__WHAT IS BEING ASKED__. A faithful transcription is wanted of the lines from the top of the material through the line that holds "タイガーアイ 虎目石 ふくろう", both ends included, leaving out the pictures.

__ENTRIES SHOWN__.
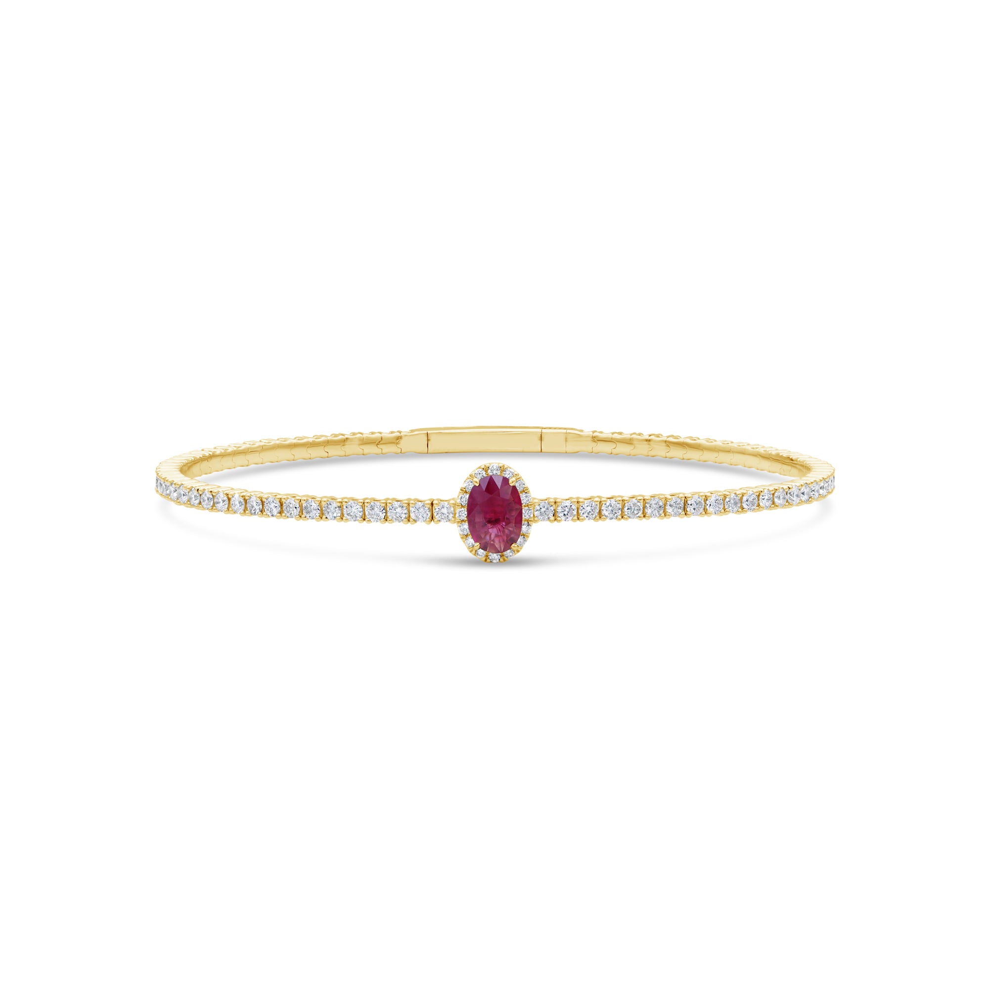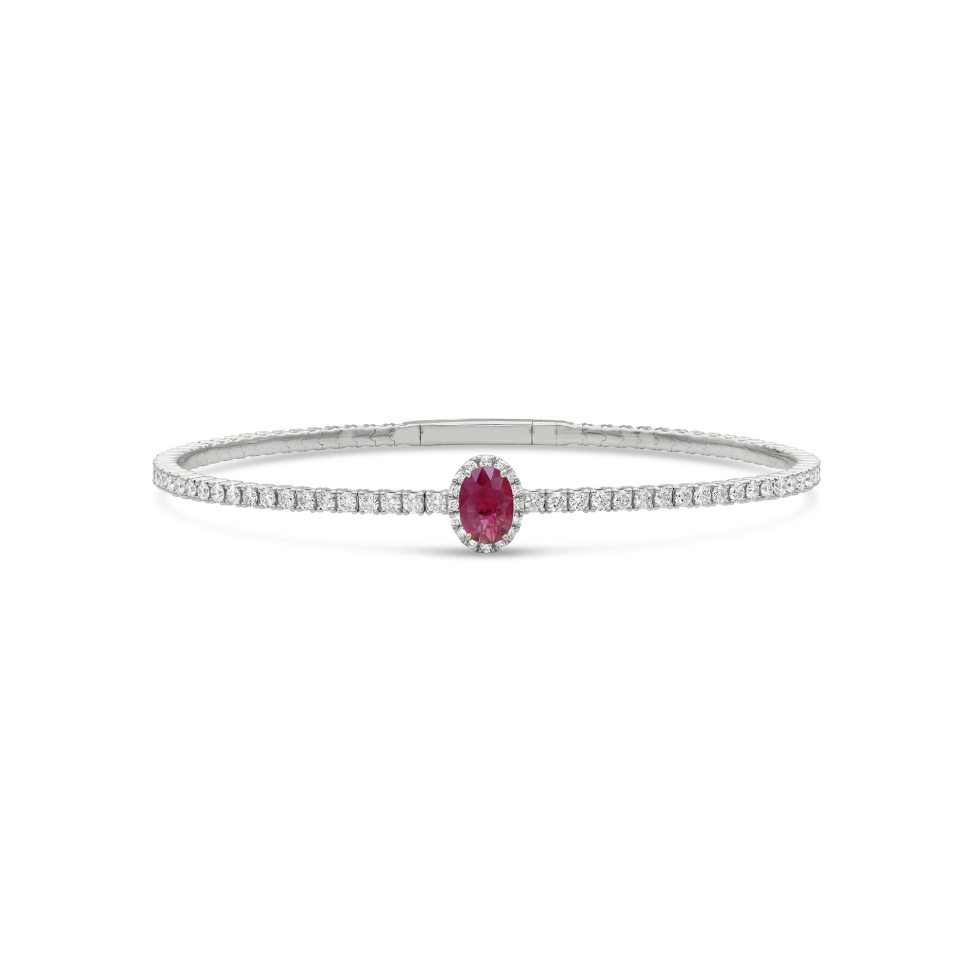 This exquisite bangle features sparkling oval rubies and brilliant diamonds in a flexible design. The Halo Oval Ruby and Diamond Flexible Bangle is a perfect addition to any jewelry collection, adding a touch of elegance and sophistication to any outfit.
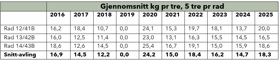 Avlingsnivået er høgt i feltet. Avlingsnivået i 2025 var eit av åra der avlinga er langt over snittet med 18,3 kg/tre som tilsvarar over 4500 kg/daa.
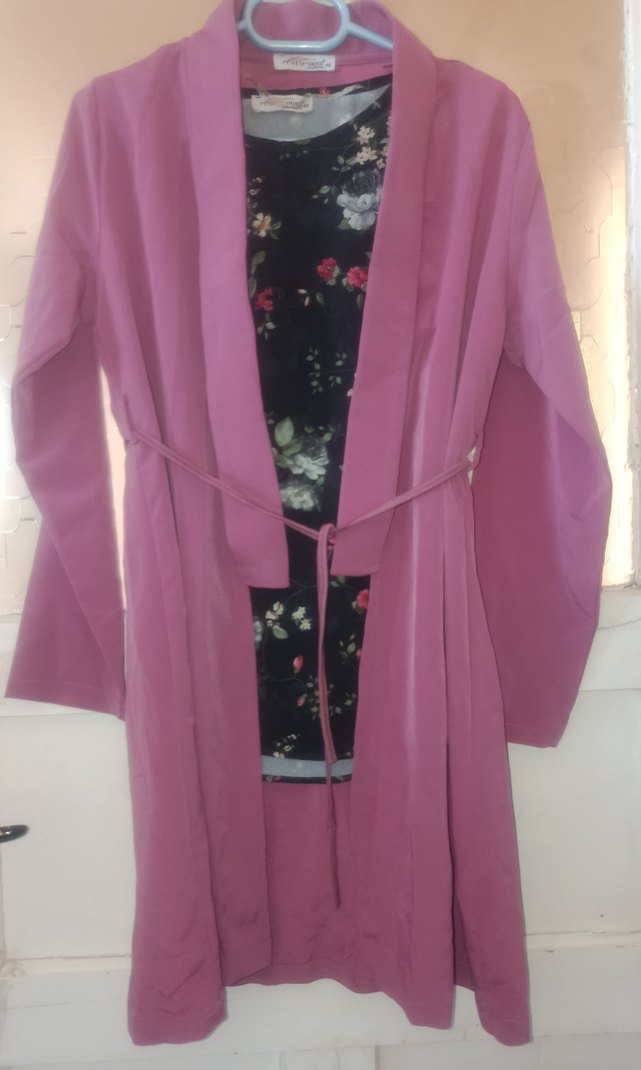 Gül kurusu renkli, uzun kollu ve uzun boyda. Belden bağlama detayı bulunur.
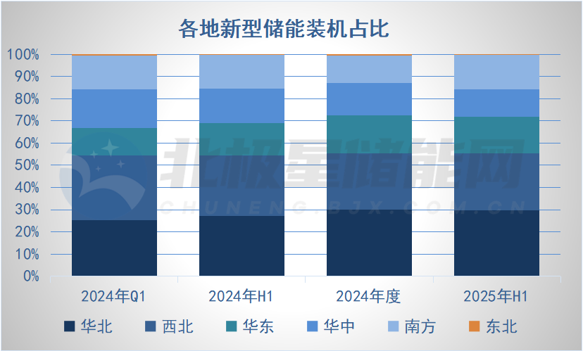 另外值得注意的是,從最新數(shù)據(jù)來看,南方地區(qū)增速較快,已投運新型儲能裝機占全國15.4%,已經(jīng)從2024年底的全國第四位提升至第三位。
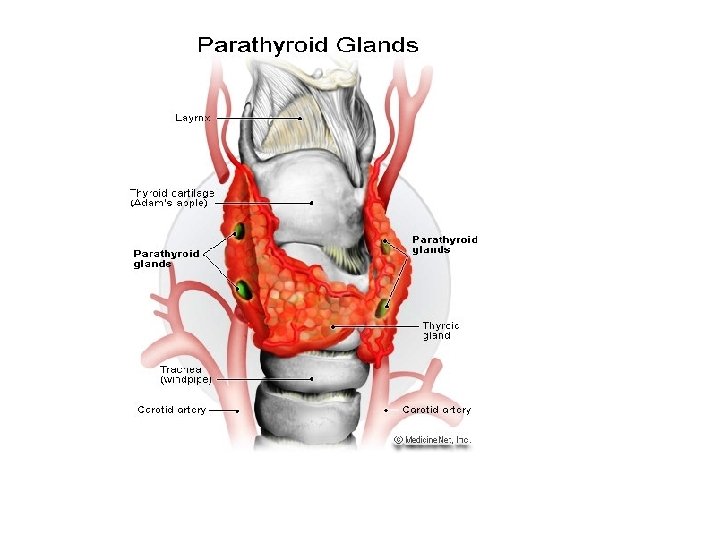 Hhypoparathyroidism • Tetany can be overt or latent • Manifested by 2 signs : • Chorostek’s sign: Tapping the facial nerve as it emerge from the parotid gland in front of the ear causes contraction of facial muscles. • Trousseau’s sign : • Arresting (stopping ) blood flow to the forearm for fe minutes ( e. g. , by sphygmomanometer ) causes flexion at the wrist, thumb and metacarpophalangeal joints.
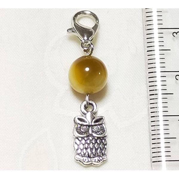 タイガーアイ 虎目石 ふくろう 小 カニカン付 天然石 チャーム パワーストーン バッグチャーム キーホルダー スマホアクセサリー マスク お守り 仕事運 開運
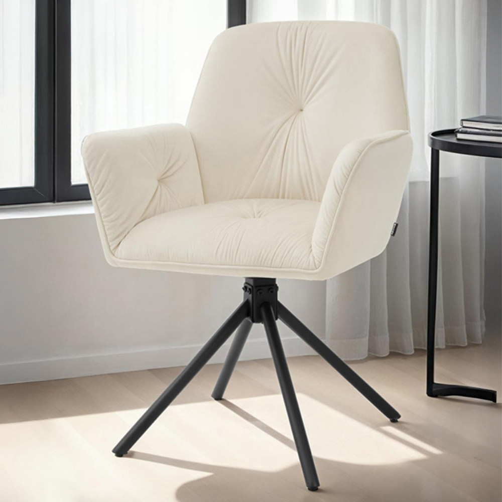 The swivel armchair Lenia from tectake combines elegance with functionality, making it a standout in any home. Perfect for the dining room, living room, or kitchen, its timeless design fits seamlessly into any interior. These chairs feature a spacious seat, high arm and backrests, and thick high-density foam padding, for exceptional comfort. The size of a chair with the comfort of a sofas, these chairs are perfect for the home or office. The velvet-look fabric feels silky soft, inviting you to relax on the single seater furniture. With angled, powder-coated steel legs for added style and stability, this dining chair also has height-adjustable plastic feet for maximum stability on any surface. Each material is chosen for maximum effect.
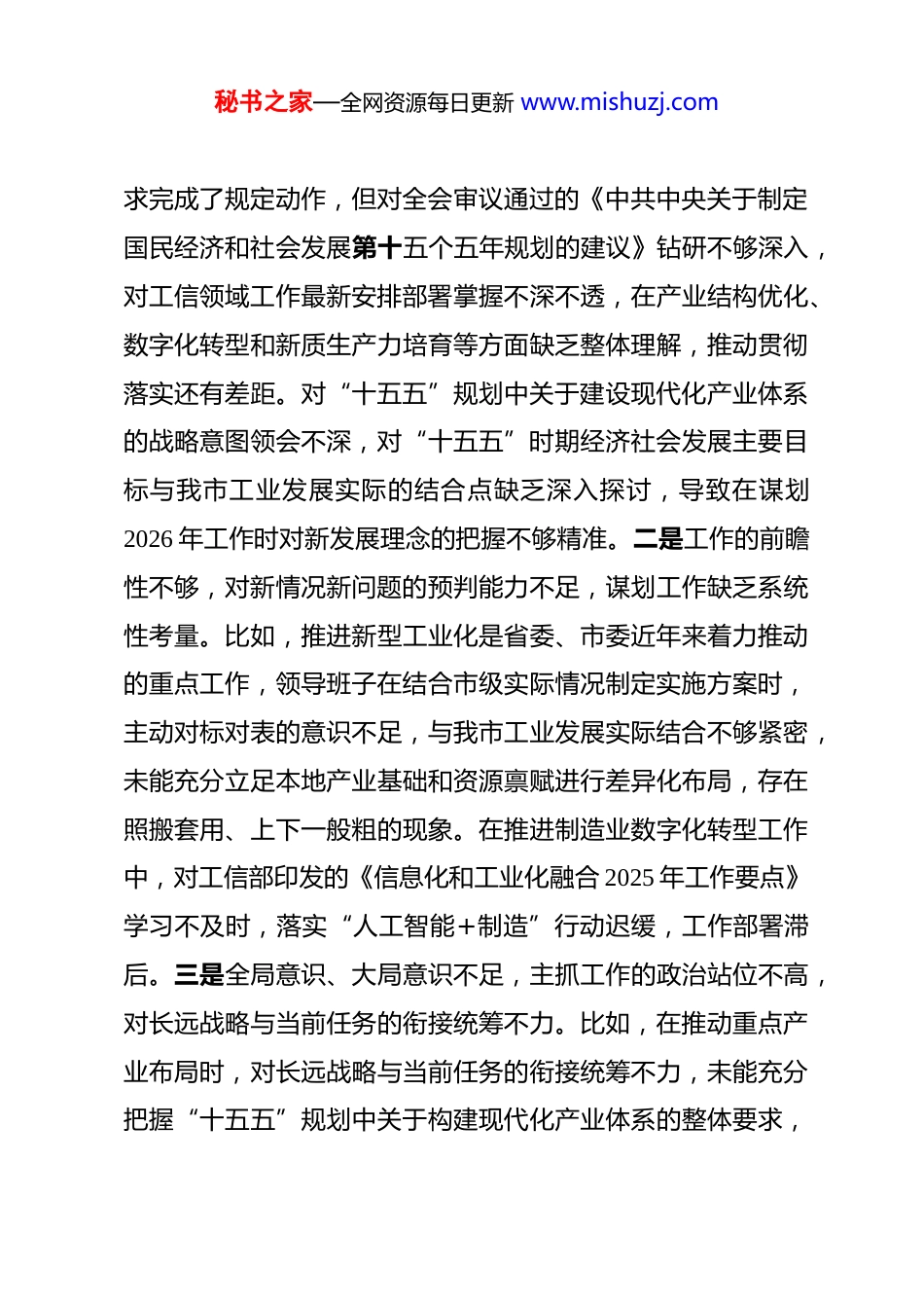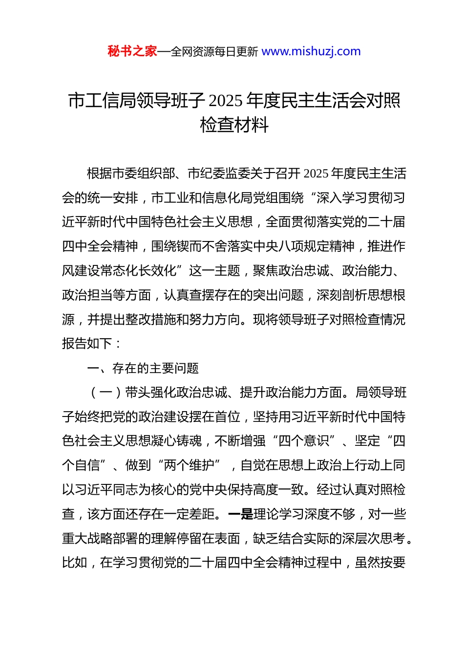 秘书之家—全网资源每日更新 www.mishuzj.com市工信局领导班子 2025 年度民主生活会对照检查材料 根据市委组织部、市纪委监委关于召开 2025 年度民主生活会的统一安排,市工业和信息化局党组围绕“深入学习贯彻习近平新时代中国特色社会主义思想,全面贯彻落实党的二十届四中全会精神,围绕锲而不舍落实中央八项规定精神,推进作风建设常态化长效化”这一主题,聚焦政治忠诚、政治能力、政治担当等方面,认真查摆存在的突出问题,深刻剖析思想根源,并提出整改措施和努力方向。现将领导班子对照检查情况报告如下:一、存在的主要问题(一)带头强化政治忠诚、提升政治能力方面。局领导班子始终把党的政治建设摆在首位,坚持用习近平新时代中国特色社会主义思想凝心铸魂,不断增强“四个意识”、坚定“四个自信”、做到“两个维护”,自觉在思想上政治上行动上同以习近平同志为核心的党中央保持高度一致。经过认真对照检查,该方面还存在一定差距。一是理论学习深度不够,对一些重大战略部署的理解停留在表面,缺乏结合实际的深层次思考。比如,在学习贯彻党的二十届四中全会精神过程中,虽然按要秘书之家—全网资源每日更新 www.mishuzj.com求完成了规定动作,但对全会审议通过的《中共中央关于制定国民经济和社会发展第十五个五年规划的建议》钻研不够深入,对工信领域工作最新安排部署掌握不深不透,在产业结构优化、数字化转型和新质生产力培育等方面缺乏整体理解,推动贯彻落实还有差距。对“十五五”规划中关于建设现代化产业体系的战略意图领会不深,对“十五五”时期经济社会发展主要目标与我市工业发展实际的结合点缺乏深入探讨,导致在谋划2026 年工作时对新发展理念的把握不够精准。二是工作的前瞻性不够,对新情况新问题的预判能力不足,谋划工作缺乏系统性考量。比如,推进新型工业化是省委、市委近年来着力推动的重点工作,领导班子在结合市级实际情况制定实施方案时,主动对标对表的意识不足,与我市工业发展实际结合不够紧密,未能充分立足本地产业基础和资源禀赋进行差异化布局,存在照搬套用、上下一般粗的现象。在推进制造业数字化转型工作中,对工信部印发的《信息化和工业化融合 2025 年工作要点》学习不及时,落实“人工智能+制造”行动迟缓,工作部署滞后。三是全局意识、大局意识不足,主抓工作的政治站位不高,对长远战略与当前任务的衔接统筹不力。比如,在推动重点产业布局时,对长远战略与当前任务的衔接统筹不力,未能充分把握“十五五”规划中关于构建现代化产业体系的整体要求,秘书之家—全网资源每日更新 www.mishuzj.com缺乏分阶段、分步骤的实施路径设计,导致部分项目前期论证不充分、中期推进不平衡、后期评估不到位,影响了政策执行的连续性和实效性。在制定规上工业增加值目标时,部分班子成员偏重数量增长,对通过产业结构优化提升发展质量的关注不够,在推进传统产业改造升级与培育新兴产业协调发展方面思路不够清晰。(二)带头固本培元、增强党性修养方面。班子成员注重政治理论学习,带头提升政治意识,通过党组理论学习中心组、专题研讨、个人自学等方式,深入学习党的创新理论,不断增强党性修养水平。经过认真对照检查,该方面还存在一定差距。一是统筹好理论学习与业务工作的主动性不强,工学矛盾处理不当,存在以业务学习代替政治理论学习的现象。比如,部分班子成员日常参加组织生活的积极性不高,存在“重业务、轻政治”的倾向,未能真正把政治理论学习作为提升党性修养的根本途径。在开展深入贯彻中央八项规定精神学习教育过程中,个别班子成员把学习教育简单理解为读文件、写心得,对习近平总书记关于加强党的作风建设的重要论述学习不够系统,未能真正做到入脑入心、融会贯通。二是政治敏锐性有待提高,对意识形态领域斗争的复杂性认识不足,总体国家安全观树得不牢。比如,有的班子成员落实意识形态“一岗双责”责任制秘书之家—全网资源每日更新 www.mishuzj.com落实不到位,对分管领域意识形态风险预判不足,未能及时发现并处置个别科室在宣传材料中表述不规范的问题,暴露出政治把关不严的短板。在组织党性...
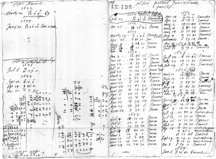 | Keywords: Ole Rømer - Obser. Primi Jovialium Parisiis - pp1+4.jpg LargeImage Page 1 right and 4 of the list of eclipses of the Jupiter moon Io that formed the basis of Ole Rømer's discovery of the finite speed of light The Latin title Obser Primi Jovialium Parisiis translates to Observations of the first Jupiter moon in Paris Page 1 lists emersions and immersions of Io observed between 1668 and 1678 The first observation circled is marked should according to everyone's opinion be excluded The top of page 4 lists observations of the fourth moon of Jupiter Callisto At the lower half are a couple of attempts to match the number of revolutions Rev of Io with an average orbiting time for three periods 76-77 71-72 and 72-73 Next to them are what according to Meyer p 19 appears to calculations of an average value of the time it takes light to travel a distance equal to the Earth orbit radius ca 11 minutes At the bottom written upside down are calculations of eclipses in Paris based on observed eclipses at Uranienborg Side 1 til højre og 4 af listen over formørkelser af Jupitermånen Io der dannede grundlaget for Ole Rømers opdagelse af lysets tøven Den latinske titel Obser Primi Jovialium Parisiis kan oversættes til Observationer af den første Jupitermåne i Paris Side 1 er en liste over emersioner og immersioner af Io observeret mellem 1668 og 1678 Den første obersvation indcirklet er mærket med bør efter alles mening ekskluderes Toppen af side 4 består af observationer af Jupiters fjerde måne På den nederste halvdel er forsøg på at matche antallet af omløb Rev af Io med en gennemsnitsomløbstid for tre perioder 76-77 71-72 and 72-73 Ved siden af er ifølge Meyer s 19 tilsyneladende beregninger af en gennemsnitsværdi af den tid det tager lyset at gennemløbe en afstand lig jordbanens radius cirka 11 minutter Nederst skrevet på hovedet er beregninger af formørkelser i Paris baseret på observerede formørkelser i Uranienborg Meyer Kirstine 1915 Om Ole Rømers Opdagelse af Lysets Tøven Det Kongelige Danske Videnskabernes Selskabs Skrifter 7 Række naturvidenskabelig og mathematisk Afdeling XII 3 København Own scan s 1670 first publication in 1915 creator Ole Rømer The original work is in the public domain by age If the 1915 reproduction is photographic it is still public domain because it does not meet the threshold of originality and it was created before 1970 Pages 2 and 3 180px PD-old-100 PD-Denmark50 Rømer's determination of the speed of light |
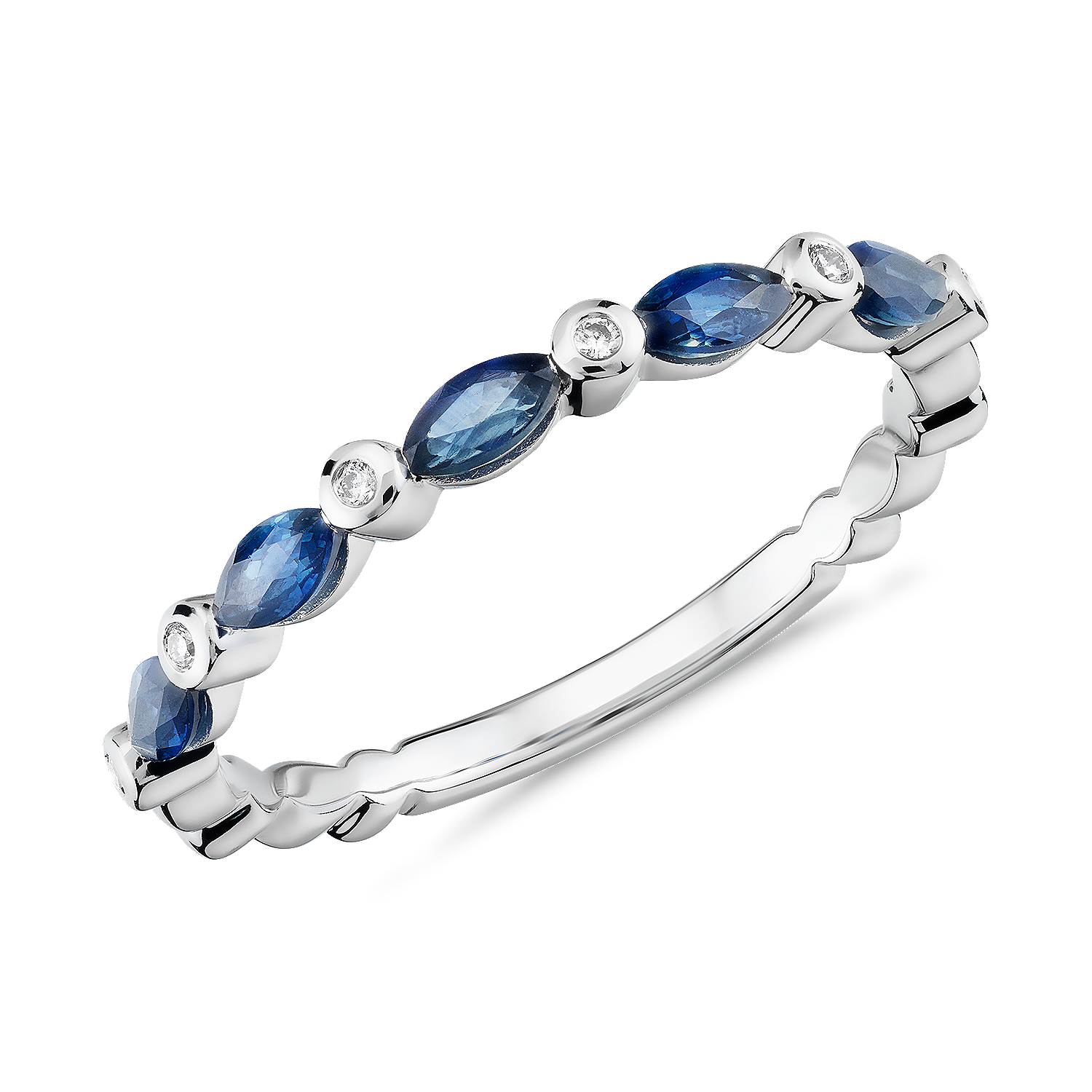 Sleek, richly hued marquise-shaped sapphires alternate with brilliant bezel-set round diamonds on this delicate anniversary ring, accentuated by the crisp shimmer of 14k white gold.

__ANSWER SPACE__.
 This exquisite bangle features sparkling oval rubies and brilliant diamonds in a flexible design. The Halo Oval Ruby and Diamond Flexible Bangle is a perfect addition to any jewelry collection, adding a touch of elegance and sophistication to any outfit.
 Avlingsnivået er høgt i feltet. Avlingsnivået i 2025 var eit av åra der avlinga er langt over snittet med 18,3 kg/tre som tilsvarar over 4500 kg/daa.
 Gül kurusu renkli, uzun kollu ve uzun boyda. Belden bağlama detayı bulunur.
 另外值得注意的是,從最新數(shù)據(jù)來看,南方地區(qū)增速較快,已投運新型儲能裝機占全國15.4%,已經(jīng)從2024年底的全國第四位提升至第三位。
 Hhypoparathyroidism • Tetany can be overt or latent • Manifested by 2 signs : • Chorostek’s sign: Tapping the facial nerve as it emerge from the parotid gland in front of the ear causes contraction of facial muscles. • Trousseau’s sign : • Arresting (stopping ) blood flow to the forearm for fe minutes ( e. g. , by sphygmomanometer ) causes flexion at the wrist, thumb and metacarpophalangeal joints.
 タイガーアイ 虎目石 ふくろう 小 カニカン付 天然石 チャーム パワーストーン バッグチャーム キーホルダー スマホアクセサリー マスク お守り 仕事運 開運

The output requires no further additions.